# WSP SUPER SALE !



## Lin19687 (Jul 15, 2019)

*Just got the email !

MEGA SUMMER SALE*

Every summer we have a store wide sale and this year it's *July 17-19th*!!  Nearly everything will be 30% off with a few select items and bulk at 5-15% off. No coupons necessary.

Free Shipping on sale orders over $25, shipping to the lower 48 states!

We are pre-annoucing the sale so you have time to inventory your needs and make a list before the sale begins. Now is the time to fill up your "wish list" so you try new things!!


Also, looks like they will be making my Box issue correct too 
They definitely have gotten better in the last year !


----------



## Iseleigh (Jul 15, 2019)

Oh boy! Thanks for the heads up!


----------



## Soaperella (Jul 16, 2019)

I love WSP (a bit too much!) but I sure do wish we got a little more of a heads up when these huge sales were coming. I just spent all my money for the month, less rent and living expenses, at WSP last week. I tend to do this most months with the hope to start a small business one day, and it would be nice if I could take advantage of these sales. But they appear randomly and usually in the latter half of the month. I hold off on buying a lot of things because I’ve gotten burned so many times on sales that appear after I buy something. Their happy customer guarantee is a bit of a joke with a 24 hour window and all. I love them, I just wish they could show a little love to those of us who give em everything.


----------



## Lin19687 (Jul 16, 2019)

@Soaperella  don't feel bad it happens to me all the time


----------



## lsg (Jul 16, 2019)

Just remember that they usually add a handling fee.  Mine is usually  around $5.95


----------



## Soaperella (Jul 17, 2019)

Mine too. Makes ya a little crazy sometimes, but them I browse around other wholesalers for a bit and see the whopping shipping charges they all have, and I forgive WSP again  glad I’m not alone!


----------



## lsg (Jul 17, 2019)

I encourage all of you to compare prices between Wholesale Supplies Plus and Soaper's Choice.  Even with the sale, on bulk purchase, 7lbs. and up, Soaper's Choice price list shows much lower prices.


----------



## Saponificarian (Jul 17, 2019)

Fragrance is all I buy from them though and they seem to have good prices on those now. But I think 10% is the actual discount they are offering because I remember they increased prices by 20% awhile ago over the USA-China tariff. Got to give it to Debbie though, she’s a smart business woman.

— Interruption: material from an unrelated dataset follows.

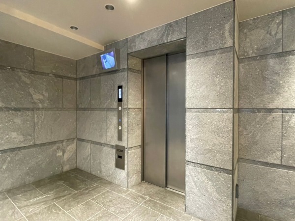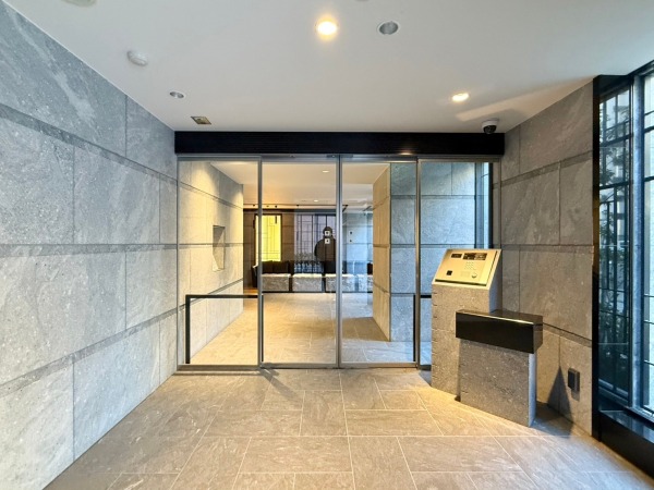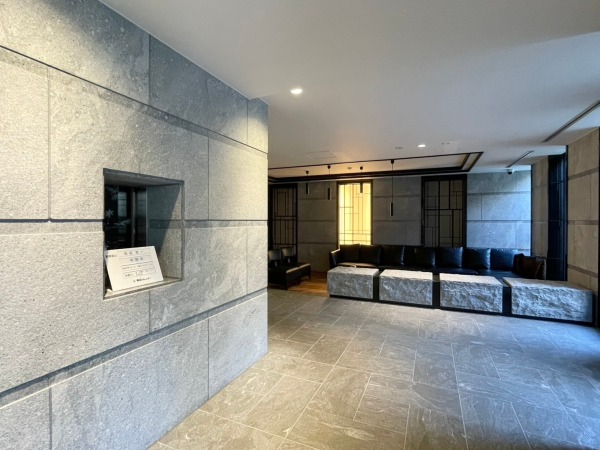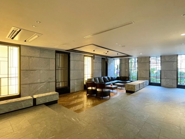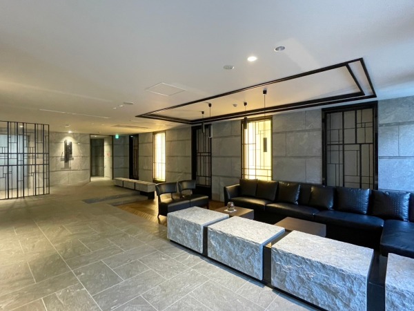 オートロックを抜けると、御影石があしらわれたエントランスホールが広がります。落ち着いた質感が空間に重厚感をもたらし、上質な雰囲気が感じられました!ソファ&テーブルも設置されており、待ち合わせやちょっとした会話の場として利用できそうです。
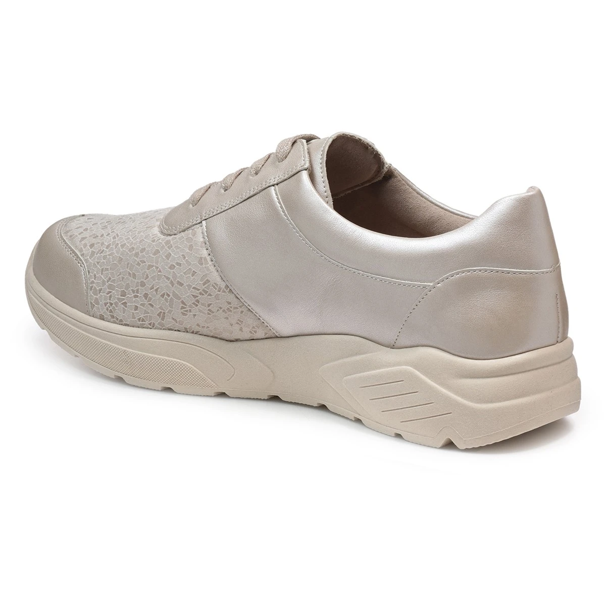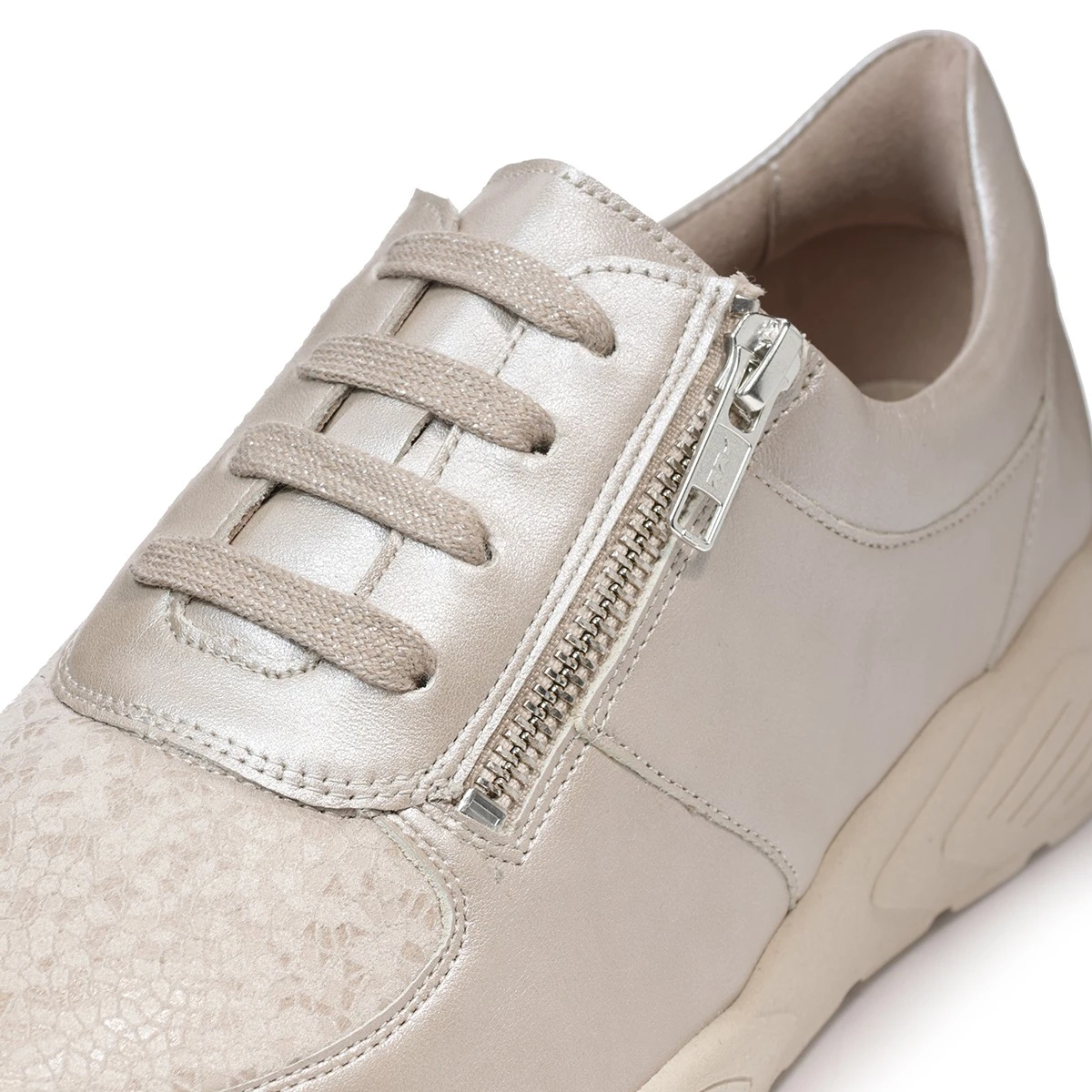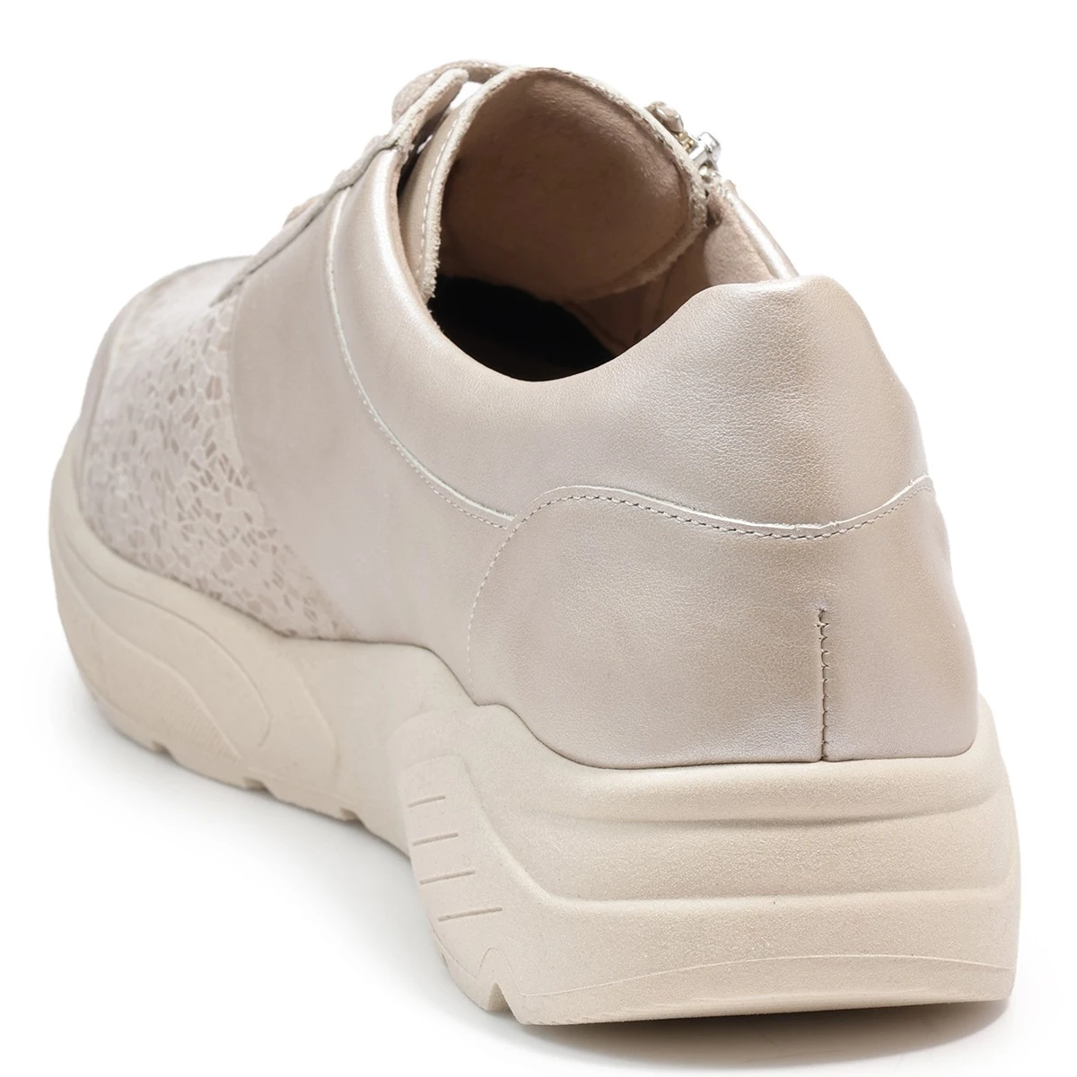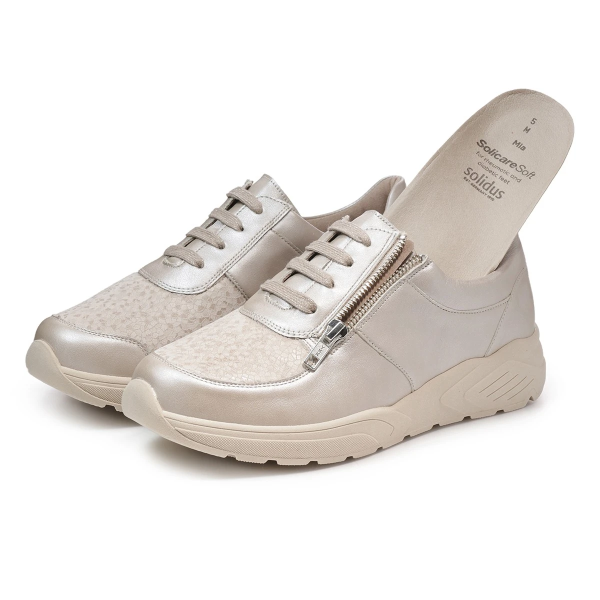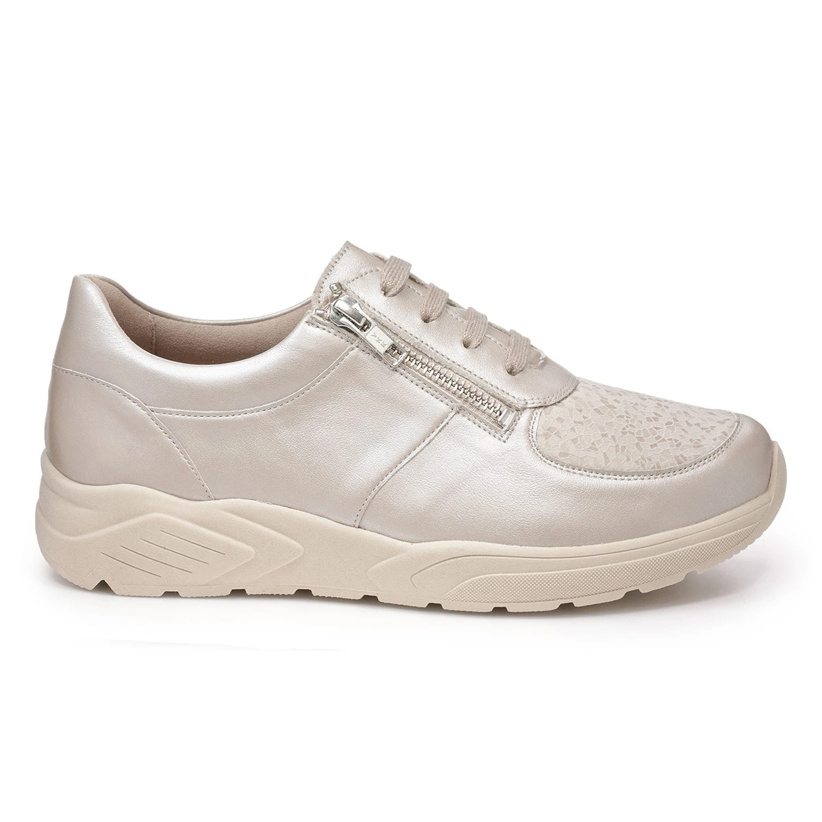 Бежевые кроссовки в очень широкой полноте подходят на высокий подъем, а также на стопу с выраженной отечностью. Модель выполнена из натуральной металлизированной кожи с эластичной вставкой из материала Nappaflex (снимает давление с деформированных участков стопы). Мягкая подкладка – из антибактериального дышащего материала Fashmo, который легко почистить влажной тканью. Мягкие внутренние швы не повреждают даже чувствительную кожу.

ETA: I still took advantage of the ‘10%’ . I am unashamedly a FOHO!


----------



## SoaperForLife (Jul 17, 2019)

No fragrance oils here but I did purchase a few other bulk items, 5 lbs. of magnesium hydroxide, 5 lbs. of SCI noodles and 18 lbs. of sodium hydroxide.  I think I have enough lye now to last me a couple of years...


----------



## lenarenee (Jul 19, 2019)

Ha - a head's up to give us time to take stock of our inventory.  Not for those of us who worked six days straight of 24 hours days.

It's after midnight and now July 19th. So is the sale over?  Their flyer doesn't explain.


----------



## Lin19687 (Jul 19, 2019)

It is from 17th to 19.  so the end of today


----------



## Katina Grimm (Aug 10, 2019)

Do I shop soaperschoice.com?


lsg said:


> I encourage all of you to compare prices between Wholesale Supplies Plus and Soaper's Choice.  Even with the sale, on bulk purchase, 7lbs. and up, Soaper's Choice price list shows much lower prices.


----------



## cmzaha (Aug 10, 2019)

Katina Grimm said:


> Do I shop soaperschoice.com?


Soapers Choice is just Oils, but yes they are the most cost-effective if you are looking to purchase oils.  if you do not have a local supplier. I am fortunate that I have a semi-local supplier. Just do your due diligence and compare apples to apples including shipping between WSP and Soapers Choice. Yes, WSP implemented a handling charge of $5.95 a few years ago after they tried upping their min for free shipping. Apparently, that failed so they went back to the $25 min and added the handling fee. I really hate WSP but there is a handful of fo's I have to buy from them.


----------



## lsg (Aug 10, 2019)

Soaper's Choice now has a section called "Cosmetic Ingredients."  This includes items such as Cocamidopropyl Betaine, Castor Hydro Powder, Propylene Glycol, etc.


----------



## cmzaha (Aug 11, 2019)

lsg said:


> Soaper's Choice now has a section called "Cosmetic Ingredients."  This includes items such as Cocamidopropyl Betaine, Castor Hydro Powder, Propylene Glycol, etc.


Oops I forgot about that section and I even knew about it. Old age is Bad...


----------